EXERCISE DETAILS >> An exact reprint of every record below is required, with the pictures left out.

── PROVIDED DATA ──

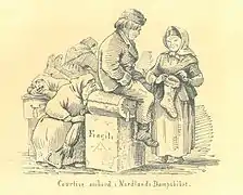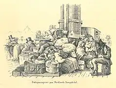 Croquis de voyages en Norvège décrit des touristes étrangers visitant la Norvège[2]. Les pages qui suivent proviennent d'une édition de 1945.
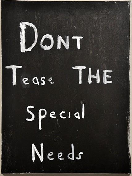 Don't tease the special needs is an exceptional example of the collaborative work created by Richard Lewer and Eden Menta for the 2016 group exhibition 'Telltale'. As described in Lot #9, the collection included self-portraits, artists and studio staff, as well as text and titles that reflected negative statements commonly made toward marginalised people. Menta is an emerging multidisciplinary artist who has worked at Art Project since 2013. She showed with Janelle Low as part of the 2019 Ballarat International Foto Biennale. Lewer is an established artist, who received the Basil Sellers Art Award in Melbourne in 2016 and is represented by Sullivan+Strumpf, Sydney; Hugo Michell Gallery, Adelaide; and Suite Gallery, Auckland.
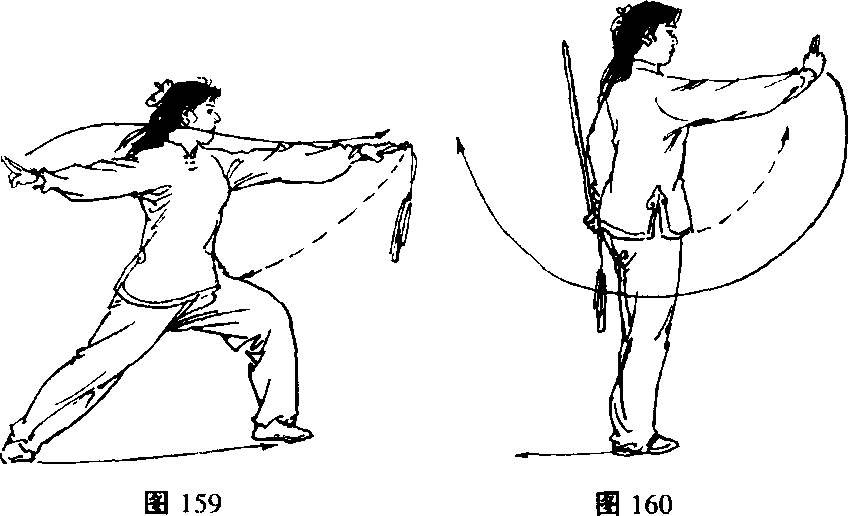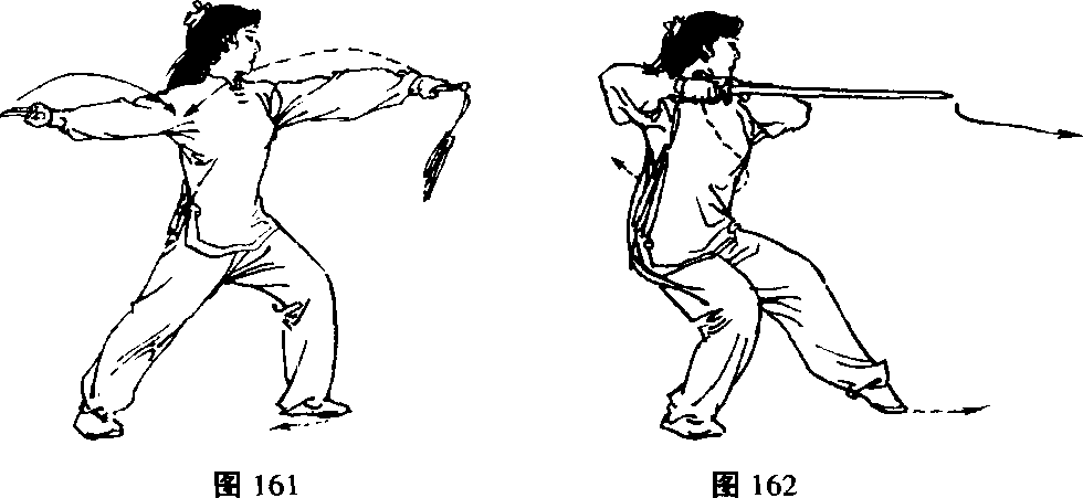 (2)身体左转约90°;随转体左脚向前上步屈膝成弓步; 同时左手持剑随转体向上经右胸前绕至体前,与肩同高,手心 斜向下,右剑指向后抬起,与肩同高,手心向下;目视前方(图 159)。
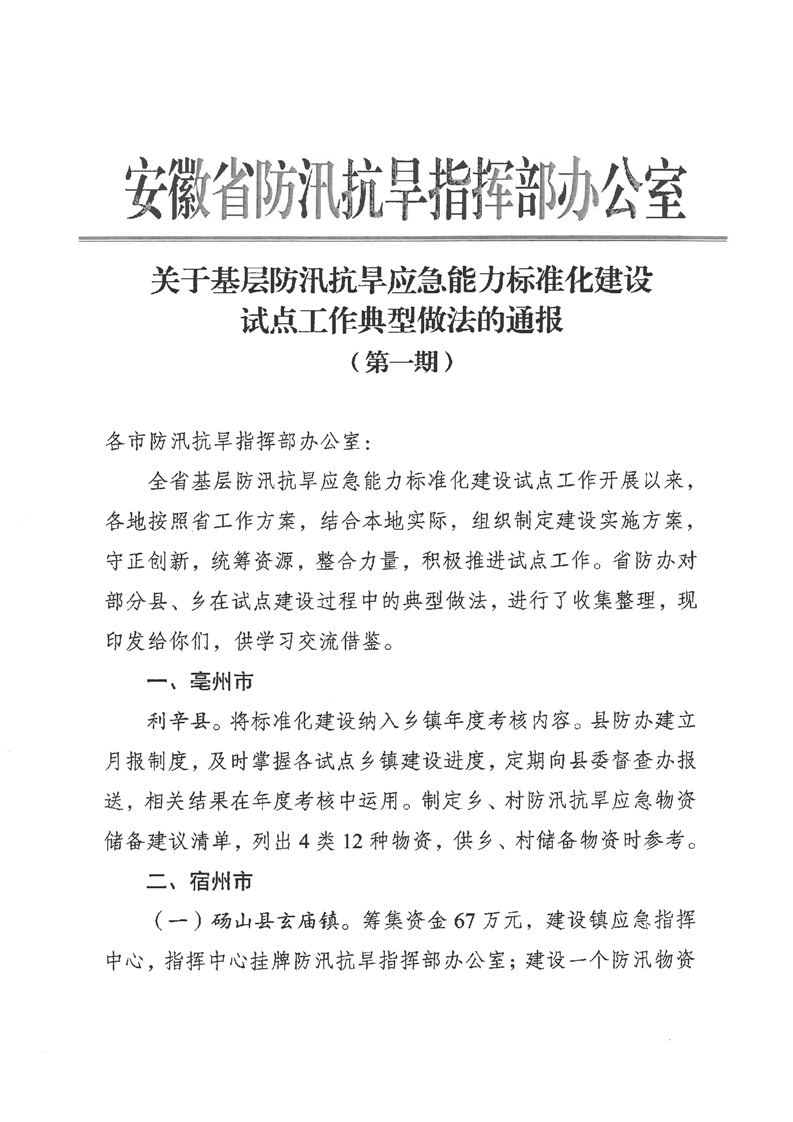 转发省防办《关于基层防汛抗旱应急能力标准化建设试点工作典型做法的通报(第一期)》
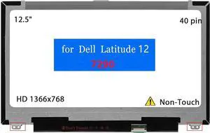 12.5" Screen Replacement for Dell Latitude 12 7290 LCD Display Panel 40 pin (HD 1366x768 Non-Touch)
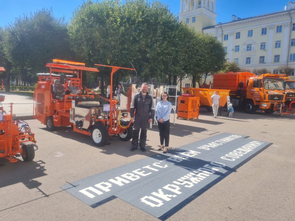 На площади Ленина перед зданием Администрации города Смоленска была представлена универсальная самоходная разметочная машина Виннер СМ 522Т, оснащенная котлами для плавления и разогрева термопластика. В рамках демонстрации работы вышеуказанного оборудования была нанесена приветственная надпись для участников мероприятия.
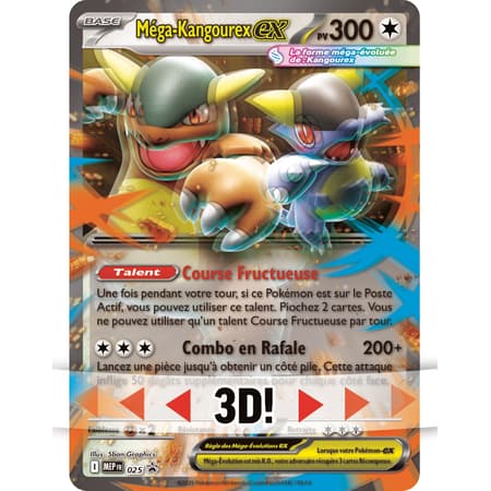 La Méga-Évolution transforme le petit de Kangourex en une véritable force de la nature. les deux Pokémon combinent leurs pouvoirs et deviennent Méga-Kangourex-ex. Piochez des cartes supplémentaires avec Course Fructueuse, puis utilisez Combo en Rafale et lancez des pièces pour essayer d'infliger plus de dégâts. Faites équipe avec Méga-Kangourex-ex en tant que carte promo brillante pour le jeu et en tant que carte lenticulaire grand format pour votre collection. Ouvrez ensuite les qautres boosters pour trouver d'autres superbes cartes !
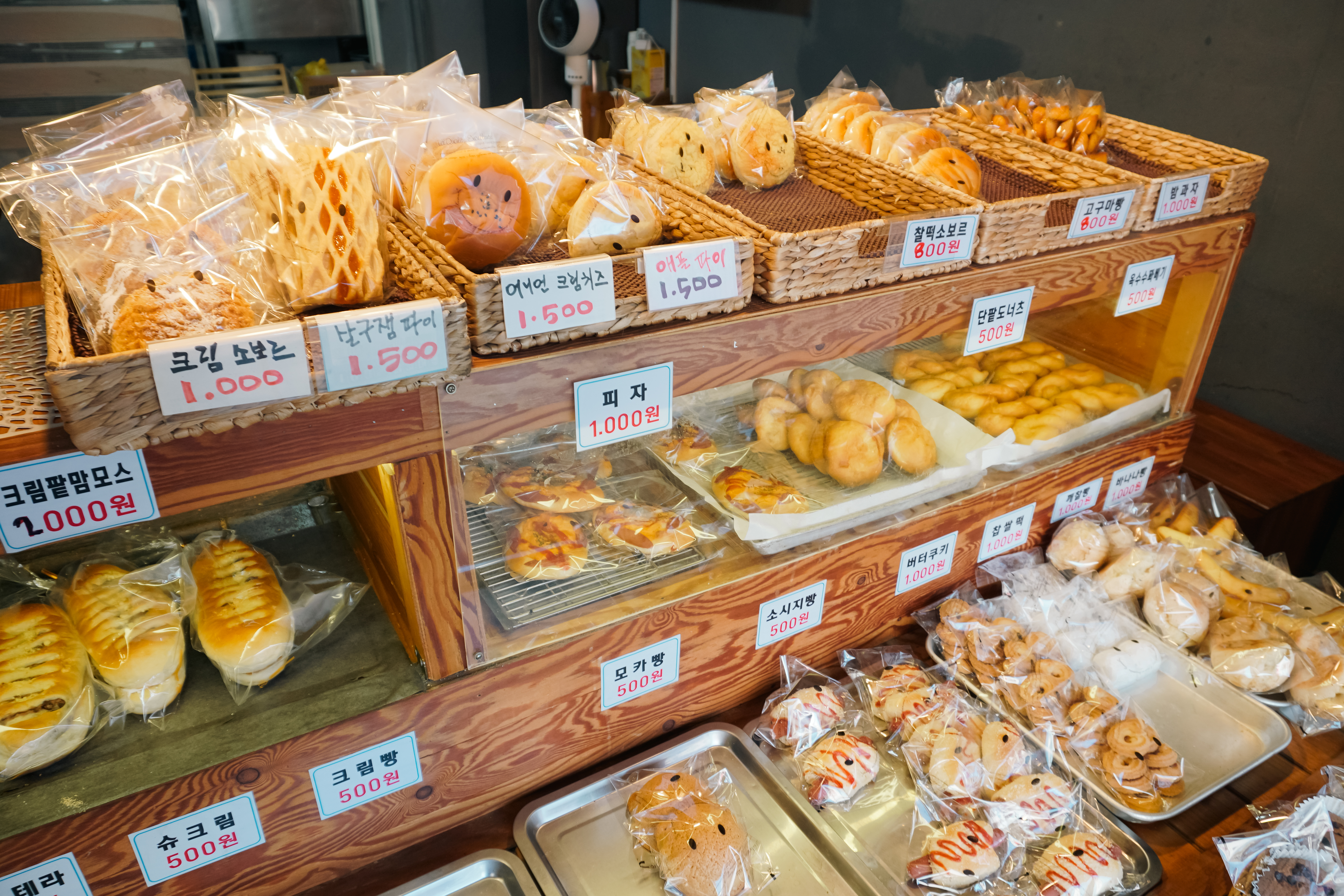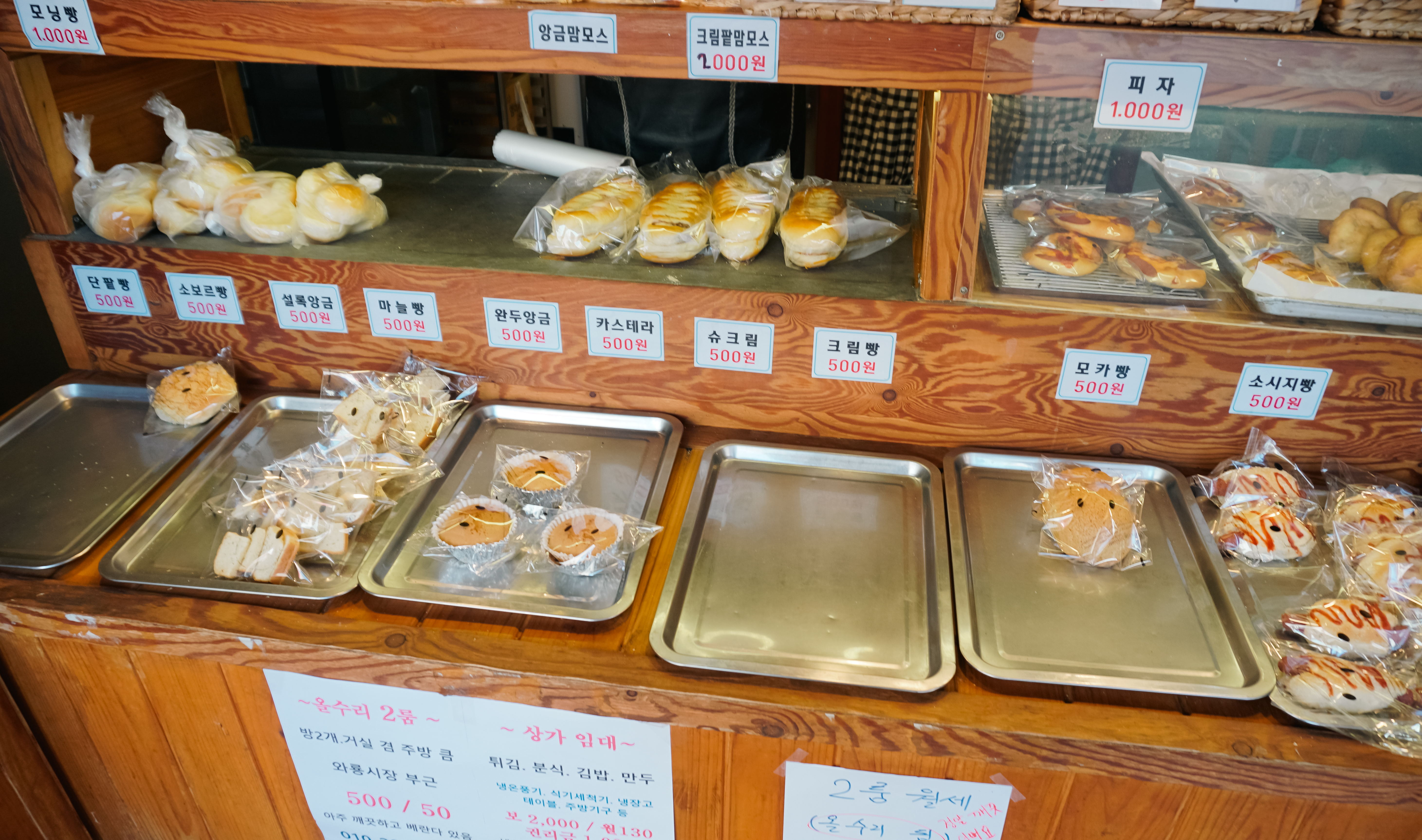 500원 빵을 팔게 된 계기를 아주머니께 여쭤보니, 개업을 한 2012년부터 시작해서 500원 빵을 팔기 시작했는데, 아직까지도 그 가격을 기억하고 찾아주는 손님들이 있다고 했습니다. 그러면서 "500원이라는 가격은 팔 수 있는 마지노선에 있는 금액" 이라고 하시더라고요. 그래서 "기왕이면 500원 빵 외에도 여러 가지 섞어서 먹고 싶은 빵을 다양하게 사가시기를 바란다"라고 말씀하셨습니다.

───

RESPONSE AREA >>
 Croquis de voyages en Norvège décrit des touristes étrangers visitant la Norvège[2]. Les pages qui suivent proviennent d'une édition de 1945.
 Don't tease the special needs is an exceptional example of the collaborative work created by Richard Lewer and Eden Menta for the 2016 group exhibition 'Telltale'. As described in Lot #9, the collection included self-portraits, artists and studio staff, as well as text and titles that reflected negative statements commonly made toward marginalised people. Menta is an emerging multidisciplinary artist who has worked at Art Project since 2013. She showed with Janelle Low as part of the 2019 Ballarat International Foto Biennale. Lewer is an established artist, who received the Basil Sellers Art Award in Melbourne in 2016 and is represented by Sullivan+Strumpf, Sydney; Hugo Michell Gallery, Adelaide; and Suite Gallery, Auckland.
 (2)身体左转约90°;随转体左脚向前上步屈膝成弓步; 同时左手持剑随转体向上经右胸前绕至体前,与肩同高,手心 斜向下,右剑指向后抬起,与肩同高,手心向下;目视前方(图 159)。
 转发省防办《关于基层防汛抗旱应急能力标准化建设试点工作典型做法的通报(第一期)》
 12.5" Screen Replacement for Dell Latitude 12 7290 LCD Display Panel 40 pin (HD 1366x768 Non-Touch)
 На площади Ленина перед зданием Администрации города Смоленска была представлена универсальная самоходная разметочная машина Виннер СМ 522Т, оснащенная котлами для плавления и разогрева термопластика. В рамках демонстрации работы вышеуказанного оборудования была нанесена приветственная надпись для участников мероприятия.
 La Méga-Évolution transforme le petit de Kangourex en une véritable force de la nature. les deux Pokémon combinent leurs pouvoirs et deviennent Méga-Kangourex-ex. Piochez des cartes supplémentaires avec Course Fructueuse, puis utilisez Combo en Rafale et lancez des pièces pour essayer d'infliger plus de dégâts. Faites équipe avec Méga-Kangourex-ex en tant que carte promo brillante pour le jeu et en tant que carte lenticulaire grand format pour votre collection. Ouvrez ensuite les qautres boosters pour trouver d'autres superbes cartes !
 500원 빵을 팔게 된 계기를 아주머니께 여쭤보니, 개업을 한 2012년부터 시작해서 500원 빵을 팔기 시작했는데, 아직까지도 그 가격을 기억하고 찾아주는 손님들이 있다고 했습니다. 그러면서 "500원이라는 가격은 팔 수 있는 마지노선에 있는 금액" 이라고 하시더라고요. 그래서 "기왕이면 500원 빵 외에도 여러 가지 섞어서 먹고 싶은 빵을 다양하게 사가시기를 바란다"라고 말씀하셨습니다.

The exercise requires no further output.